§ Directions: Starting at the line with "1 Dormitorio, 1", copy each line through the last one below exactly as written, without any pictures.

§ Records provided:

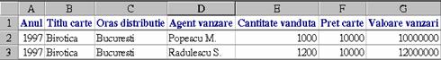 De exemplu plasand cursorul la intersectia a doua rubrici, anume Oras distributie = Bucuresti si Birotica Total, rezulta in urma unui dublu-click o extragere tip baza de date, pentru vanzarile totale de carte cu titlul "Birotica" in Bucuresti (fig. 1.151).
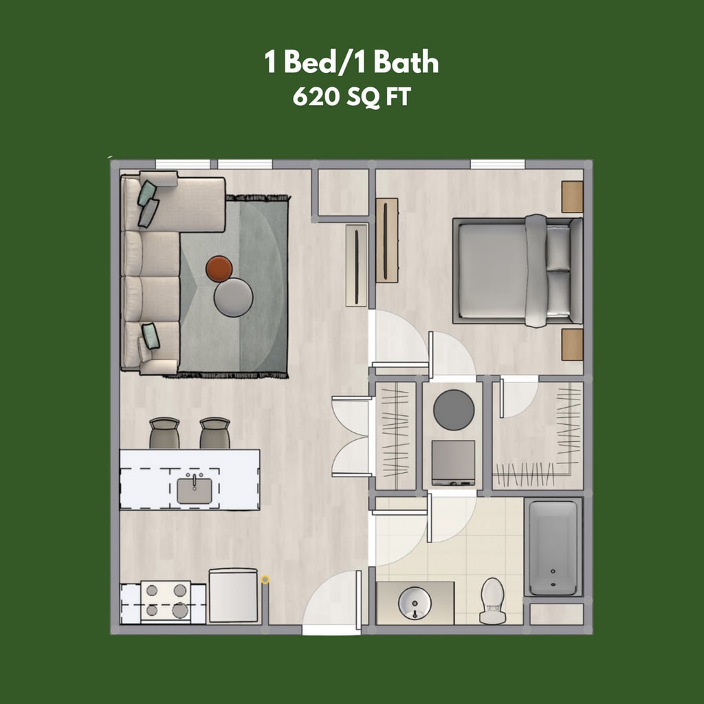 1 Dormitorio, 1 Baño, 620 pies²Precio Mensual TotalDisponible AhoraGalería del Modelo
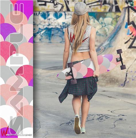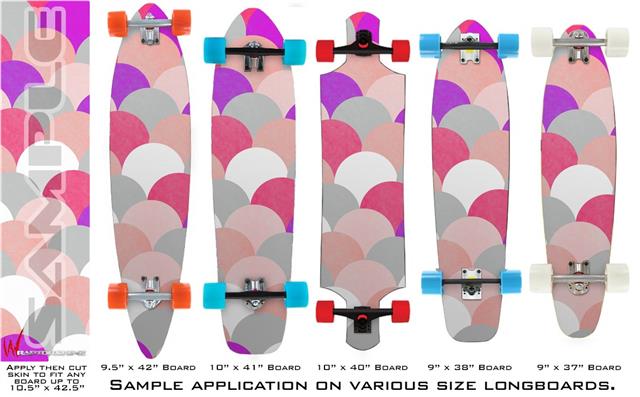 Our longboard skins are made so that one size fits boards up to 10” wide x 42” long. This means after applying the skin it you will trimming to fit you’re the shape of your board with a sharp utility knife.
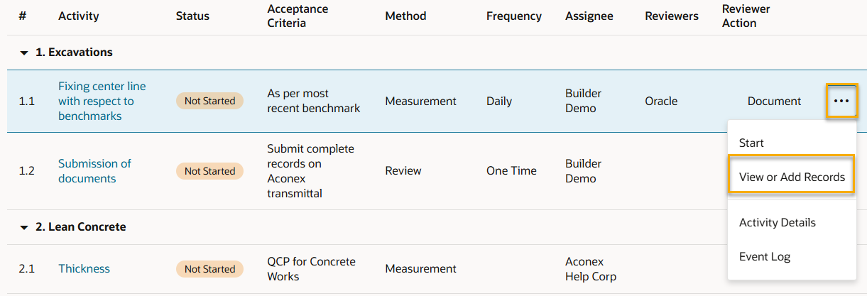 1. To add an inspection, click the three dots menu for the activity and select View or Add Records.
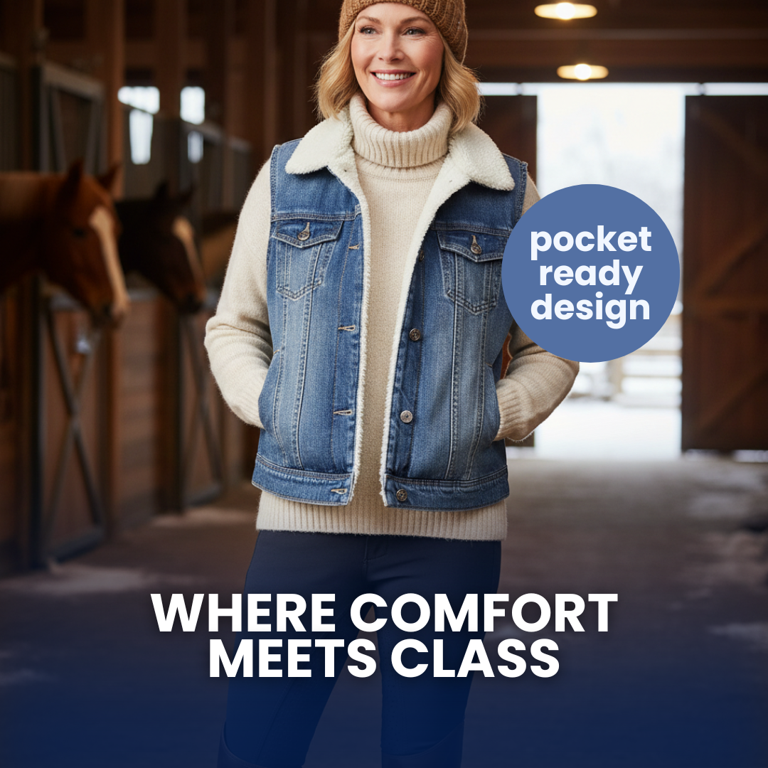 The Chevaroo Western Fur Jacket blends rugged western aesthetics with modern functionality, making it perfect for equestrians braving chilly rides. Featuring a soft fur lining and a durable denim-polyester blend, this jacket provides reliable warmth while ensuring comfort and mobility. Its turn-down collar and single-breasted closure add timeless western charm, while practical pockets make it ideal for carrying essentials around the barn or trail. With its retro-inspired design, this jacket keeps you warm and stylish, whether you're riding or relaxing after a long day with your horses.

§ Answer area:
 1 Dormitorio, 1 Baño, 620 pies²Precio Mensual TotalDisponible AhoraGalería del Modelo
 Our longboard skins are made so that one size fits boards up to 10” wide x 42” long. This means after applying the skin it you will trimming to fit you’re the shape of your board with a sharp utility knife.
 1. To add an inspection, click the three dots menu for the activity and select View or Add Records.
 The Chevaroo Western Fur Jacket blends rugged western aesthetics with modern functionality, making it perfect for equestrians braving chilly rides. Featuring a soft fur lining and a durable denim-polyester blend, this jacket provides reliable warmth while ensuring comfort and mobility. Its turn-down collar and single-breasted closure add timeless western charm, while practical pockets make it ideal for carrying essentials around the barn or trail. With its retro-inspired design, this jacket keeps you warm and stylish, whether you're riding or relaxing after a long day with your horses.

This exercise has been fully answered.